Grandaddy – Watercooler

5th January 2024 · 2020s, 2024, Music

Grandaddy are a unique group whose characteristic blend of swirling synths and psychedelic guitars has been wrapping fans in a warm blanket of beauty for the ears for more than 30 years.

The latest music from Jason Lytle, the creative core of the band, who writes and performs most of the music in the studio himself, complements his signature lo-fi lushness with the mournful wail of a pedal steel guitar.

Like the similarly inclined Wilco, who went back to their roots with Cruel Country in 2022, he has taken Grandaddy down a similar country (and western) road with a new album, Blu Wav.

With its plangent melody and ethereal harmonies, Watercooler is a sad song of loss and regret, and the pedal steel adds pathos to the melancholy in its lyrics. Rolling Stone magazine called it a blend of bluegrass and New Wave, which I have to say would not be my description. At all.

Great song though, and a great video by Aaron Beckum, whose leitmotif is a mechanical wolf. You can see more of its adventures, exploring the highways and byways of LA, in the video for Cabin In My Mind, the second song to come from the forthcoming album.

The new country-fried Grandaddy was born while Lytle was driving through the Nevada desert listening to Patti Page’s song Tennessee Waltz on a classic country radio station. He says half the songs on the new album will be waltzes, with the songs featuring “an inordinate amount of pedal steel.”

It follows several Grandaddy break-ups and reunions as Lytle embarked on a series of side projects, including his recent contribution to Sparklehorse’s posthumous album last year, and the death of original bassist Kevin Garcia from a stroke in 2017 at the age of only 41.

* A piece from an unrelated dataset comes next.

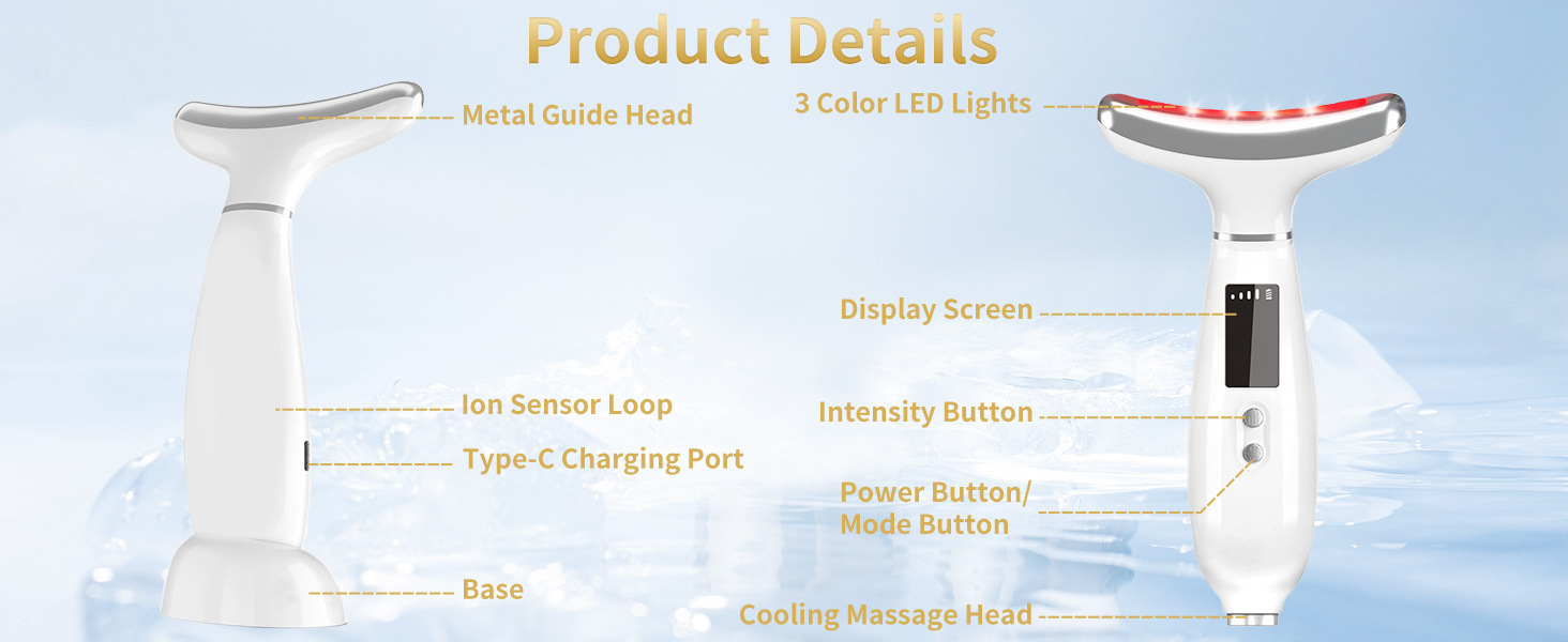 Functions: Vibration, light therapy, lifting, wrinkle reduction

The band started out back in 1992 in Modesto, California, and broke through with Under The Western Freeway in 1996 and The Sophtware Slump in 2000, but first broke up while recording their 2006 album Just Like The Fambly Cat.

Since then Lytle has moved from California to Montana and more recently Portland, Oregon, pursuing side projects including a solo album (Yours Truly, The Commuter), a Christmas collection of improvised piano pieces, a film score, a solo piano remake of The Sophtware Slump, a new band (Admiral Radley) and a supergroup (BNQT).

And now back to Grandaddy. I can’t wait for the new album next month.